* [Provided records]

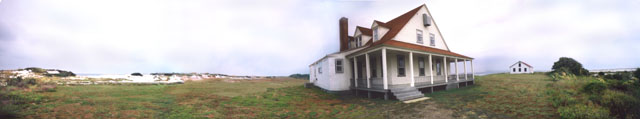 This view of the Ranger Station is taken near the wreck of the Norweigan bark, the Catherine, which is located in 15 feet of water where it sank on August 7, 1894. The outline of the vessel can be seen as a dark shadow on the surface.
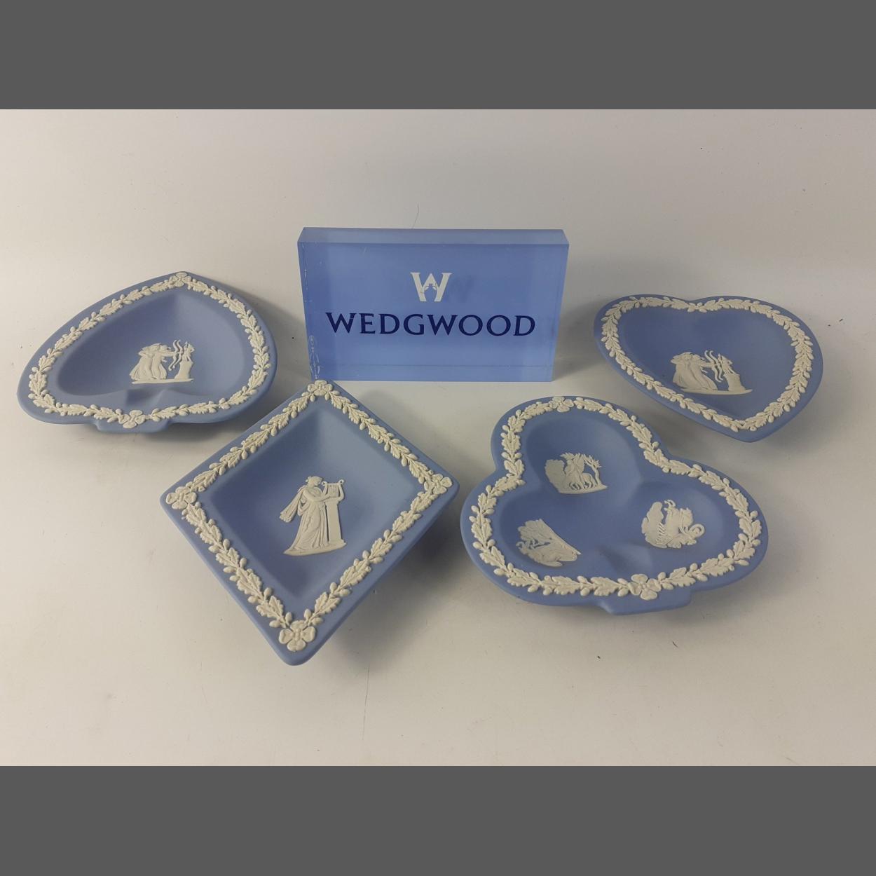 WEDGWOOD A very attractive little collection of four Jasperware trinket dishes with a retailer's display acrylic block. All in good order.
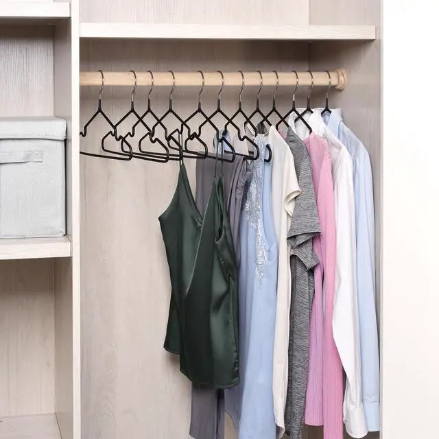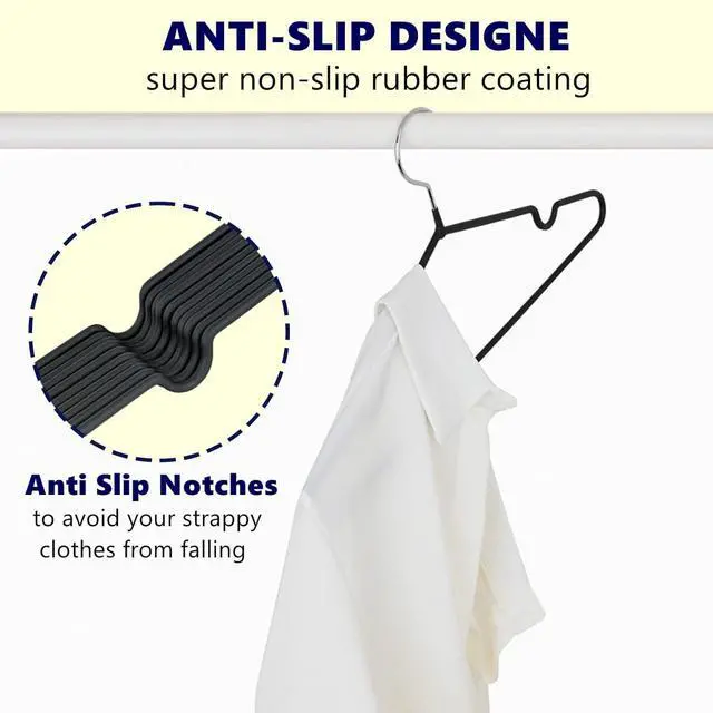 No Sticking & Anti-slipSpecial upgrade anti-slip PVC plastic coated with matte black, feels smoother and more comfortable, and has no stickiness but can prevent the clothes from failing off. The special shoulder groove design prevents clothing from falling, great for hanging camisoles and tanks.
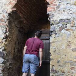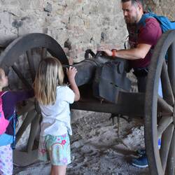 Wir gehen noch in die Burg. Diese ist zur Besichtigung geöffnet mit einem Kleinen Eintritt Geld. Man bekommt ein Blatt in die Hand, auf dem alle Infos stehen. Danach kann man alles frei ansehen und anders als üblich ist kein einziges Verbotsschild aufgestellt. Man kann das Alte Bett anfasse, die Räume betreten und spüren, wie es früher war. Eindrücklich und vor allem mit einer wunderschöner Aussicht. Es windete zwar enorm.
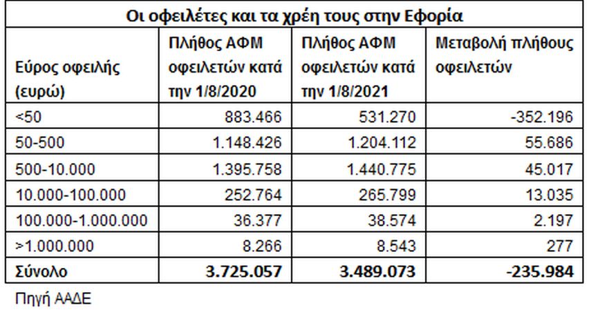 - Με χρέη στην Εφορία εμφανίζονται 3.489.073 φορολογούμενοι έναντι 3.725.057 που ήταν τον Ιούλιο του 2020. Η μείωση του αριθμού των οφειλετών κατά 234.984 πρόσωπα (φυσικά και νομικά) πηγάζει από την κατηγορία οφειλής μέχρι 10 ευρώ, με τον αριθμό των οφειλετών να εμφανίζεται μειωμένος κατά 351.412 πρόσωπα κυρίως λόγω της διαγραφής βεβαιωμένων ανείσπρακτων οφειλών νομικών προσώπων ή τρίτων με εισπρακτέο υπόλοιπο ανά βασική οφειλή μικρότερο του 1 ευρώ. Η διαγραφή οδήγησε σε δραστική μείωση του πλήθους των οφειλετών στην κατηγορία οφειλής μικρότερης του 1 ευρώ κατά 313.673 πρόσωπα σε ετήσια βάση, με τον συνολικό αριθμό των οφειλετών να διαμορφώνεται σε 70.774.
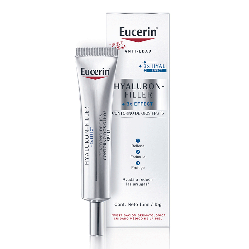 El Contorno de Ojos FPS 15 Hyaluron-Filler + 3x Effect es una crema anti-edad especialmente formulada para tratar las arrugas y líneas finas en la delicada área del contorno de los ojos.

* [Action item] The result should be an exact copy of only the lines above from the one that holds "No Sticking &" through the one that holds "Wir gehen noch", both ends included, without pictures.

* [Final answer]
 No Sticking & Anti-slipSpecial upgrade anti-slip PVC plastic coated with matte black, feels smoother and more comfortable, and has no stickiness but can prevent the clothes from failing off. The special shoulder groove design prevents clothing from falling, great for hanging camisoles and tanks.
 Wir gehen noch in die Burg. Diese ist zur Besichtigung geöffnet mit einem Kleinen Eintritt Geld. Man bekommt ein Blatt in die Hand, auf dem alle Infos stehen. Danach kann man alles frei ansehen und anders als üblich ist kein einziges Verbotsschild aufgestellt. Man kann das Alte Bett anfasse, die Räume betreten und spüren, wie es früher war. Eindrücklich und vor allem mit einer wunderschöner Aussicht. Es windete zwar enorm.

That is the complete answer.